Routes (re-export) api/routes/_blast_shared.py Re-exports _resolve_job_storage_account so route modules import from one place.
Routes api/routes/blast/results.py Calls _resolve_job_storage_account at the top of all 6 job-bound routes: /jobs/{job_id}/file, /results, /results/aggregate, /results/download, /results/export, /results/{file_id}.
Routes api/routes/blast/result_analytics.py Same wiring for /jobs/{job_id}/results/alignments and /results/taxonomy.
Tests api/tests/test_security_audit_4_8.py New 15-test file: tid matching / mismatch / missing, storage cross-check accepts matching + case-insensitive, rejects cross-account, falls back on unrecorded, fails closed on lookup error, degrades open in dev_bypass, returns immediately on empty supplied, plus a parametrised end-to-end TestClient case for each of the 5 job-bound results routes.

No IaC changes. No new dependencies.

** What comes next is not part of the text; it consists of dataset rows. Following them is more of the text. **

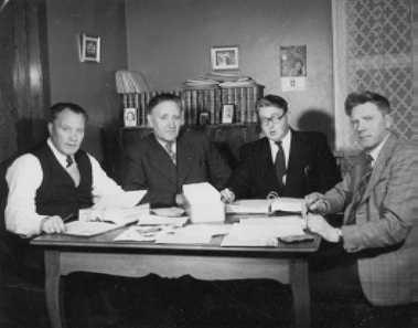 Skólamenn við vinnu. Frá vinstri.Ólafur Þ. Kristjánsson, óþekktur, Vilbergur Júlíusson, óþekktur. Ólafur og Vilbergur voru báðir skólastjórar seinni hluta starfsfáranna.
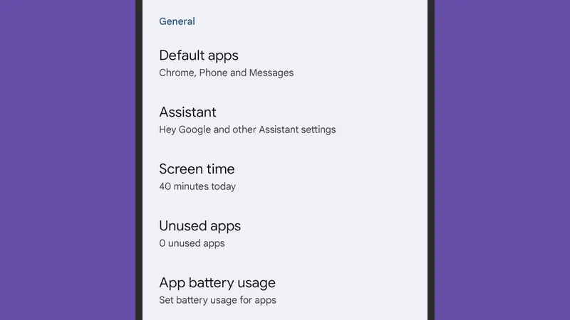 هناك بعض الخيارات التي يرتبط بها بعض الإعدادات المختلفة. على سبيل المثال، يمكنك تهيئة كيفية عمل تطبيق المساعد وتحديد المساعد الذي تريده من خلال النقر على خيار تطبيق المساعد الرقمي (Digital assistant app)، ربما تريد استخدام تطبيق أليكسا من شركة أمازون بدلاً من تطبيق جوجل أسيستانت كلما احتجت إلى مساعدة.
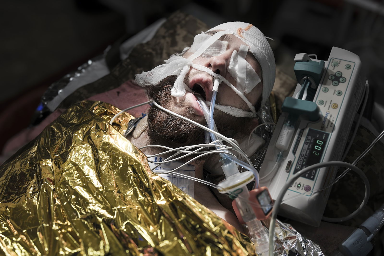 HET GEVECHT GAAT DOOR | Een ernstig gewonde jonge soldaat met granaatscherven in zijn hersenen krijgt kunstmatige beademing en wordt zo goed mogelijk behandeld.
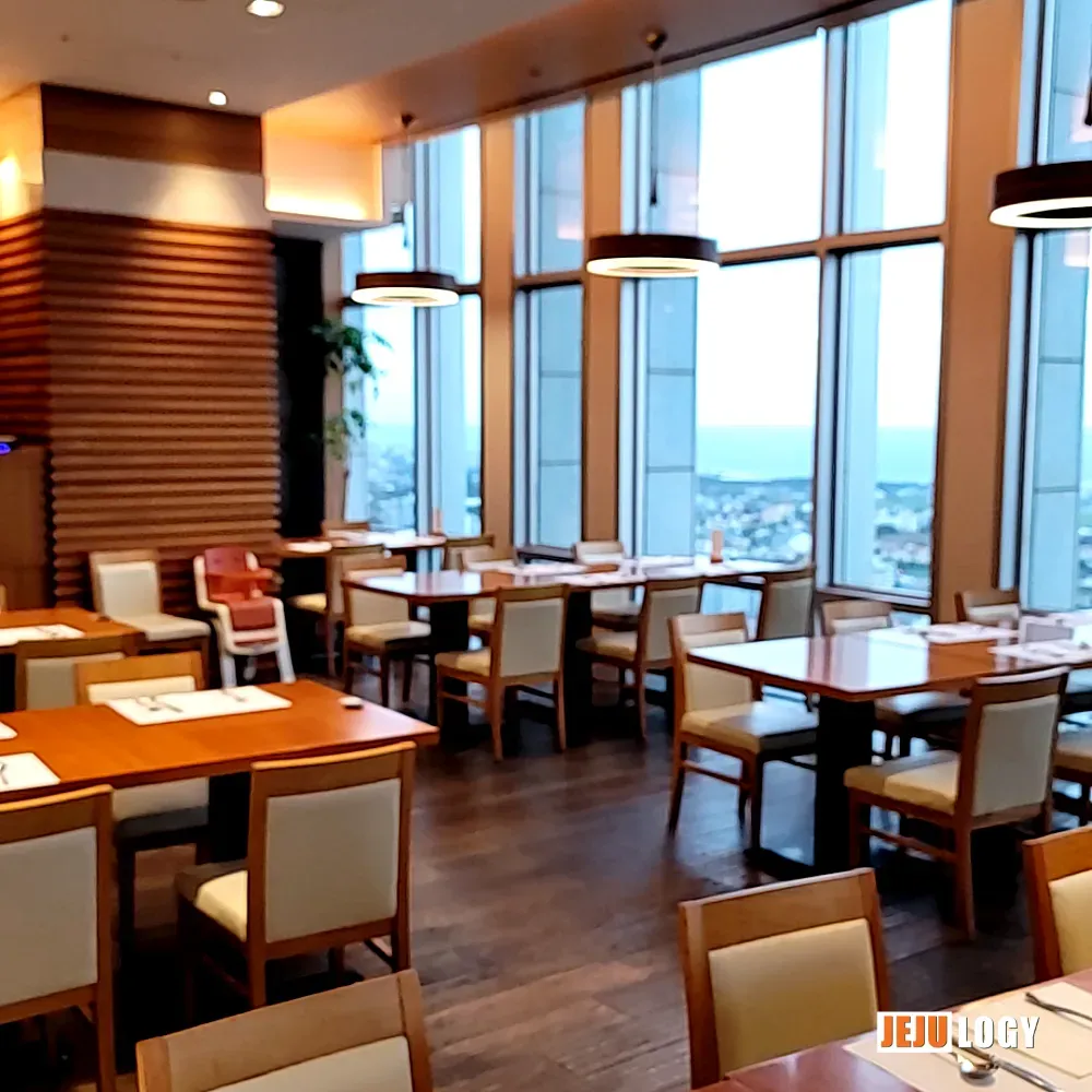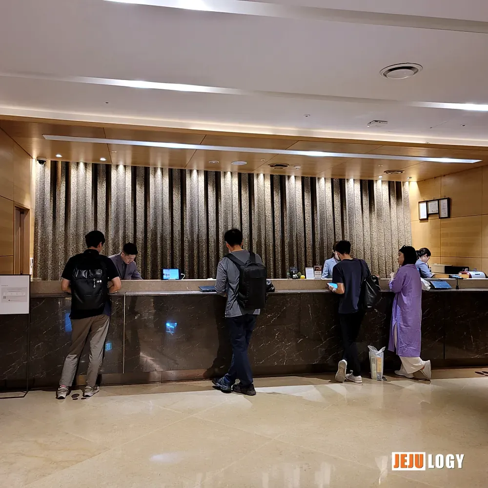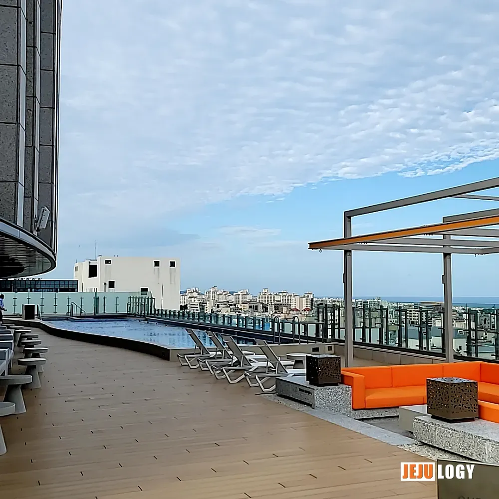 Despite the business hotel positioning, the property offers a solid range of amenities on floors 7 and below: a fitness center, outdoor swimming pool, laundry room, and conference rooms. Guest rooms extend up to the 21st floor — quite tall by Jeju standards.
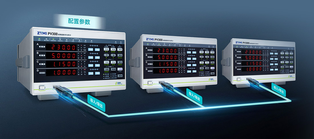PV300 功率计标配USB-Host接口,支持参数配置的导入导出功能,可使用U盘等外部存储器快速复制参数配置,提高效率的同时保证参数配置的一致性,减少重复设置出错的可能性,提供更加可靠的测量结果。
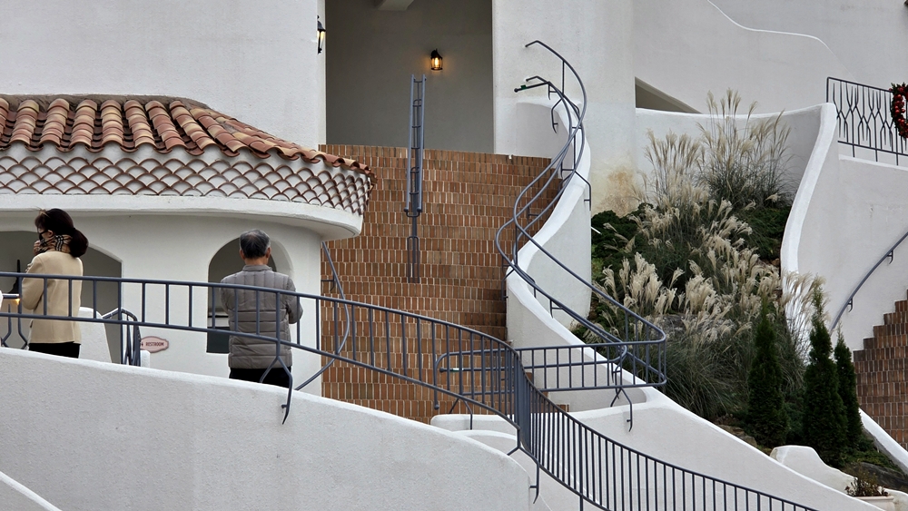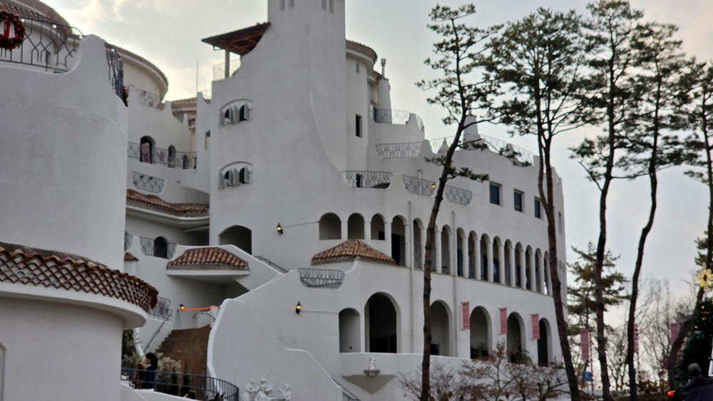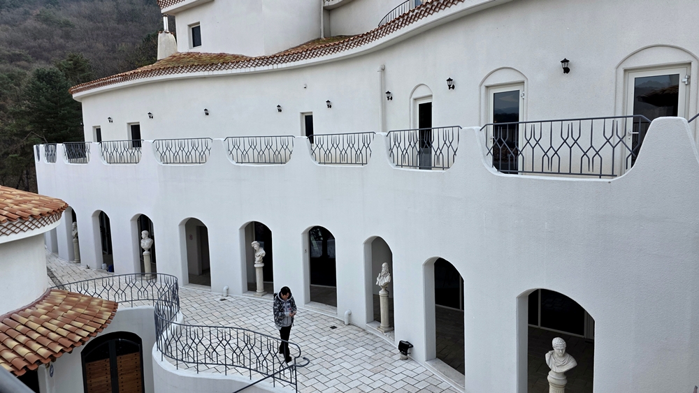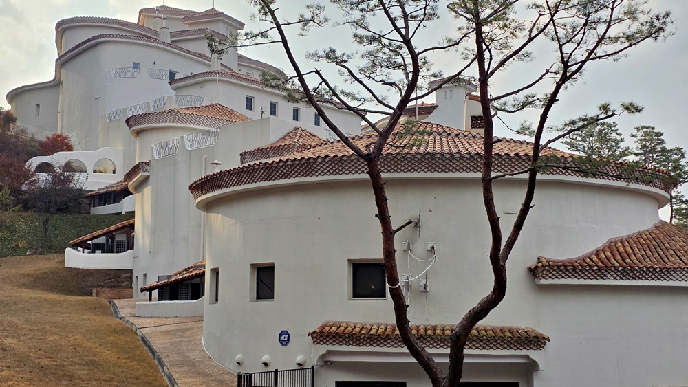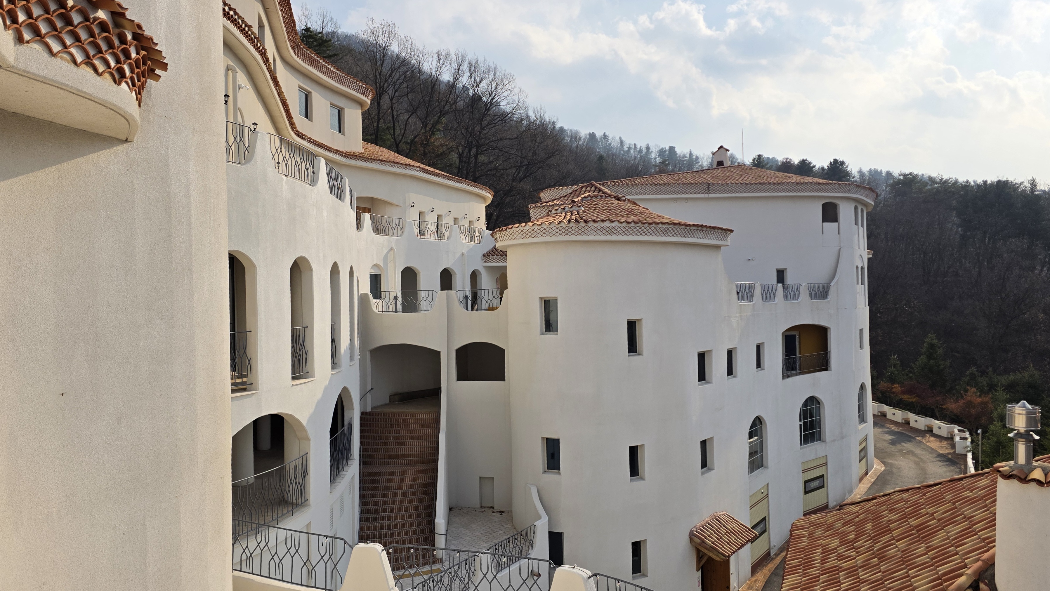 출입문을 통과하면 9년의 시간을 들여 느림의 건축을 완성했다는 하얀 성 이 나타난다. 이 건축물은 총 6채로 지어졌는데 들어가 보면 곡선으로 건물이 설계되어 미로처럼 이어져있다.
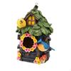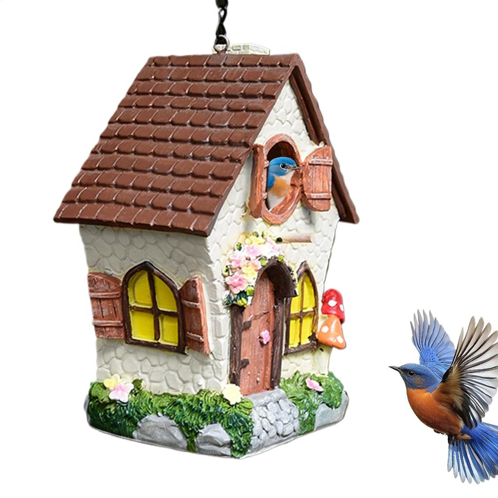 Outdoor Fairy Garden Bird House 8.3-inch Hand-painted Resin Decorated Bird Nest With Chain Waterproof Cute Bird House
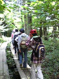 お弁当を受けとった後、行動班ごとに戦場が原ハイキングに出発しました。
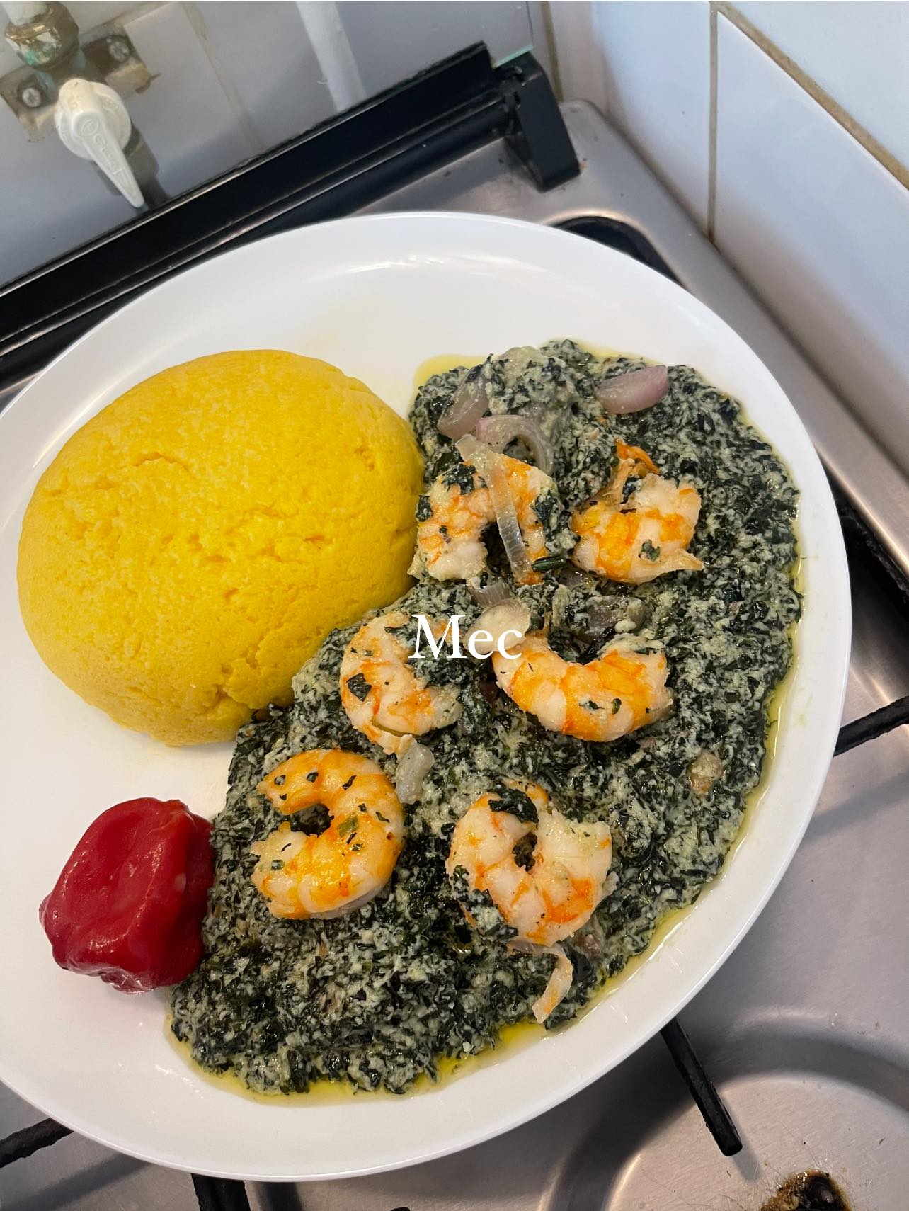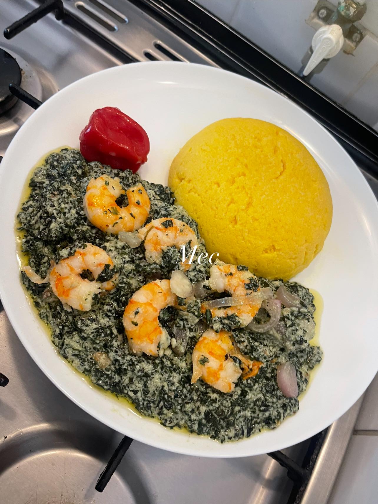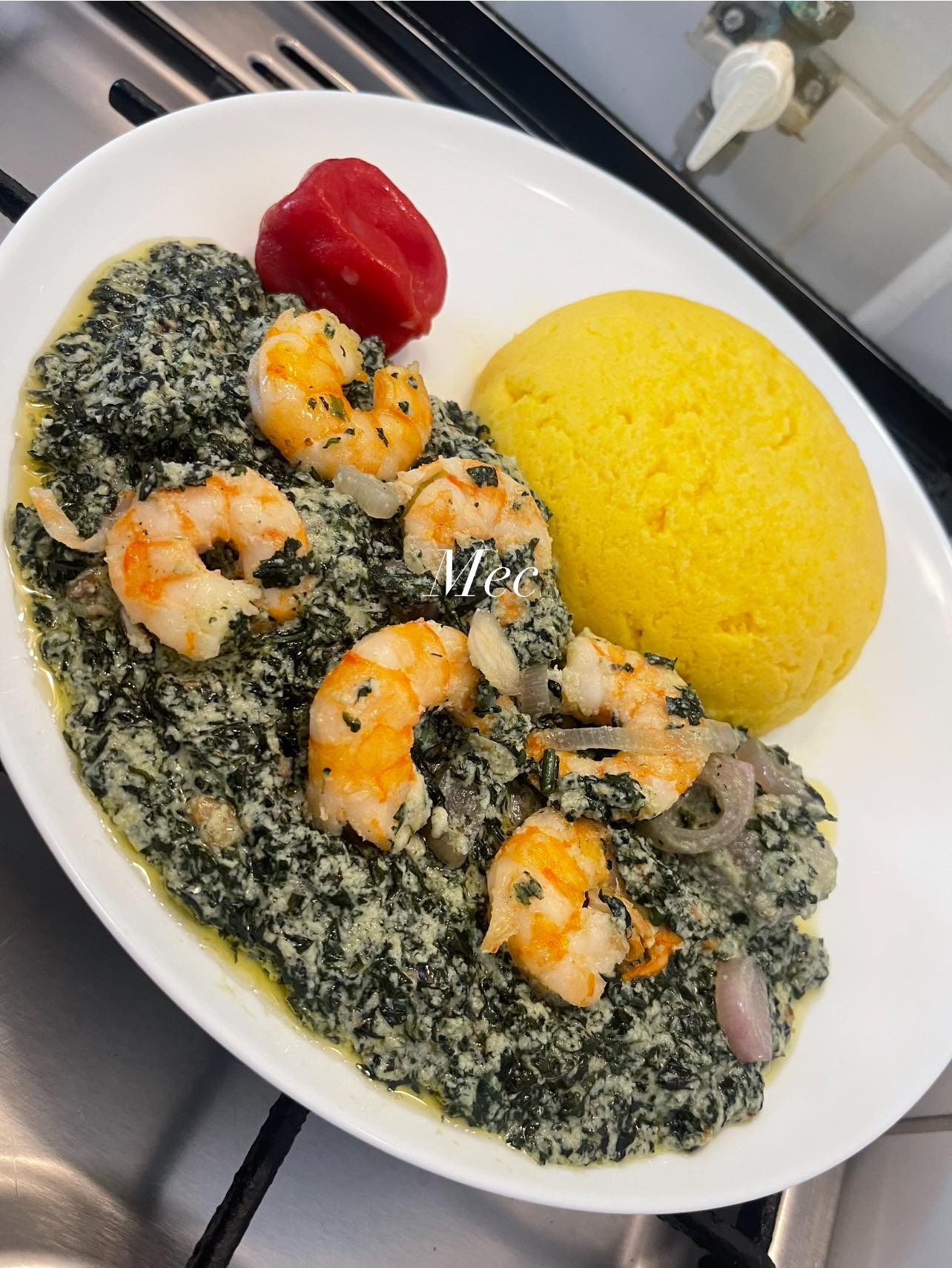 Savourez l’authenticité du Cameroun avec ce délicieux ndolè accompagné de sa boule de couscous de maïs. Ce plat emblématique allie la richesse des arachides aux saveurs des crevettes et de la viande, le tout sublimé par les feuilles de ndolè. Un véritable festin pour les papilles !
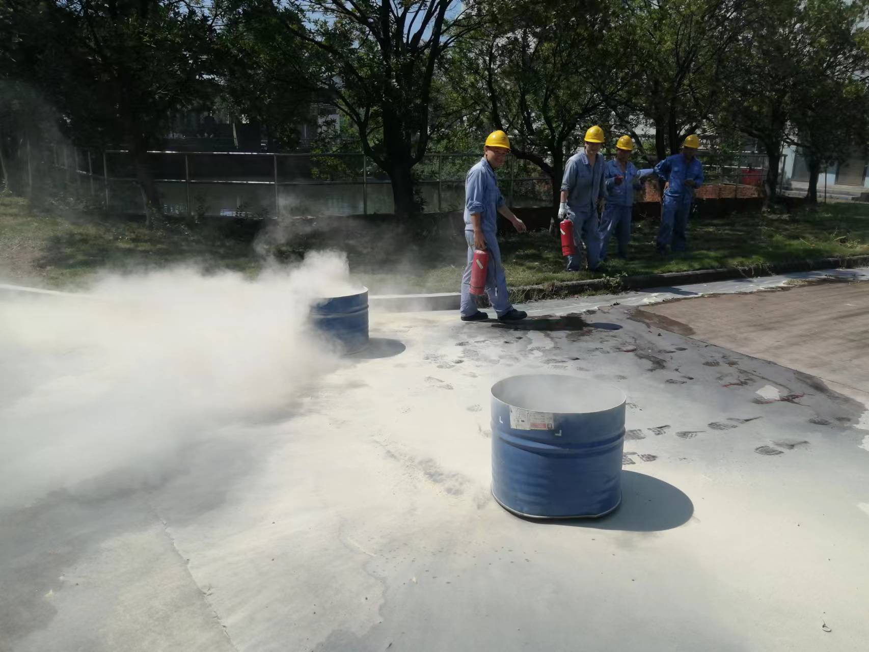 2、灭火器灭火比赛。每一个人一组,队员从指定地点跑到灭火区向灭火桶内喷射灭火剂喷完灭火剂计时结束。以时间从短到长进行排名。
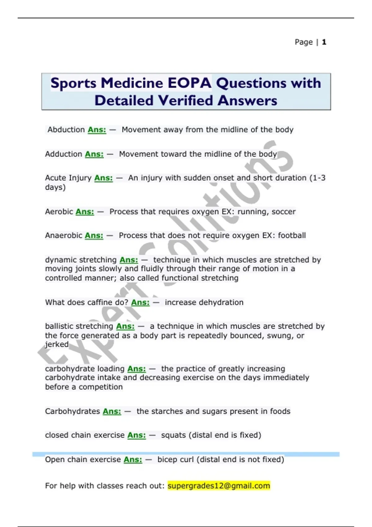 Sports Medicine EOPA Questions with Detailed Verified Answers Sports Medicine EOPA Questions with Detailed Verified Answers
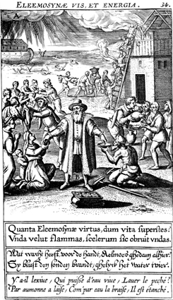 Description: A central figure distributes money while others to his left and right distribute food to a variety of needy people, including the crippled, widows, and orphans. Behind them, a group uses buckets of water to douse a burning house and in the background, people drown off the bow of Noah's ark. The Latin superscription reads, "The power and energy of almsgiving," and the text below, "How great is the power of almsgiving, as long as life lasts? A wave like flames, thus it covers over the waves of wickedness.".
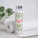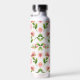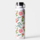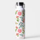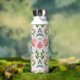 Cette bouteille d'eau a un arrière - plan blanc aux fleurs roses.
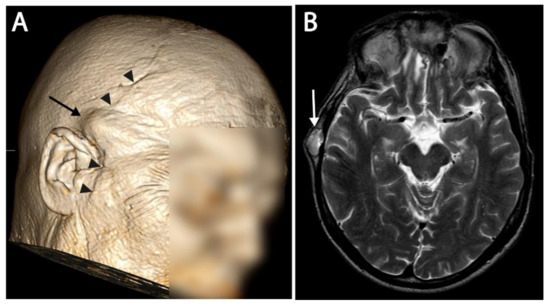 Figure 3. (A) 3D reconstructed image of an MRI. A subcutaneous recurrence is visible as a bump under the skin, and is indicated with an arrow. The surgical scar from the coronal midfacial approach is also visible and marked with arrowheads. (B) T2 image of the same patient at the level of recurrence. Subcutaneous recurrence is marked with an arrow.
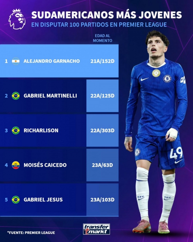 12月2日讯 德国转会市集统计了南好意思球员出战100场英超比赛的年事,比肩出最年青球员名次,加纳乔居首。
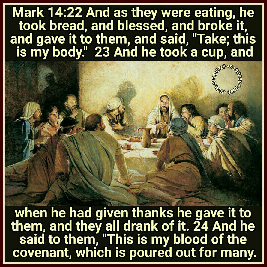 12 And on the first day of Unleavened Bread, when they sacrificed the passover lamb, his disciples said to him, "Where will you have us go and prepare for you to eat the passover?" 13 And he sent two of his disciples, and said to them, "Go into the city, and a man carrying a jar of water will meet you; follow him, 14 and wherever he enters, say to the householder, `The Teacher says, Where is my guest room, where I am to eat the passover with my disciples?' 15 And he will show you a large upper room furnished and ready; there prepare for us." 16 And the disciples set out and went to the city, and found it as he had told them; and they prepared the passover. 22 And as they were eating, he took bread, and blessed, and broke it, and gave it to them, and said, "Take; this is my body." 23 And he took a cup, and when he had given thanks he gave it to them, and they all drank of it. 24 And he said to them, "This is my blood of the covenant, which is poured out for many. 25 Truly, I say to you, I shall not drink again of the fruit of the vine until that day when I drink it new in the kingdom of God." 26 And when they had sung a hymn, they went out to the Mount of Olives.

No deploy required.

Validation evidence

  • uv run ruff check api/auth.py api/services/blast_job_state.py api/routes/_blast_shared.py api/routes/blast/results.py api/routes/blast/result_analytics.py api/tests/test_security_audit_4_8.py → passed.
  • uv run pytest -q api/tests/test_security_audit_4_8.py15 passed.
  • uv run pytest -q api/tests943 passed (was 924 → +19 from the new file + a few touched parametrised cases).

Hardening pass (same day)

A self-critique surfaced two additional weaknesses; fixed in the same change:

  • MEDIUM — state is None (job genuinely absent) silently degraded open without any audit log. A user with a valid bearer could probe arbitrary job_id values against arbitrary storage_account query params and the only observable signal would be the Storage SDK 404. Fixed: the helper now emits an INFO log line whenever the fallback path runs (storage account cross-check: no JobState row for job_id=...). This does not change behaviour but turns the access pattern into a signal an operator can monitor for in the api sidecar logs.
  • HIGH — Wiring guard missing. The first draft of the tests exercised the helper directly. If a future refactor dropped the _resolve_job_storage_account(...) call from a route handler, the unit tests would still pass and the regression would only surface in production. Fixed: added a parametrised end-to-end TestClient test that hits each of the 5 job-bound results routes with a cross-account storage_account= query param and asserts the 403 + cross_account_mismatch code is returned BEFORE any Storage SDK call happens. Drops the assertion that the recorded value is never echoed in the response body.

Non-goals (deferred)

  • Locking databases.py routes to a per-caller account list. Those routes (GET /api/blast/databases, GET /api/blast/databases/versions) legitimately let the user choose any account where their data lives; the right gate there is the upcoming app-role authz (#1/#4 Phase 1), not a JobState lookup.
  • 404 for job_id that does not exist anywhere. Some routes intentionally degrade open on missing state (external-sync rows in flight); changing this would break the legacy job list. Tracked separately if the new INFO log shows the path is hot.

Audit progress

9/20 audit findings now closed (#3, #4, #5, #6, #7, #8, #9, #10, #11). Remaining: #1 (role authz, design doc only), #2 (per-ticket tmux, design doc only), #12, #13–#20.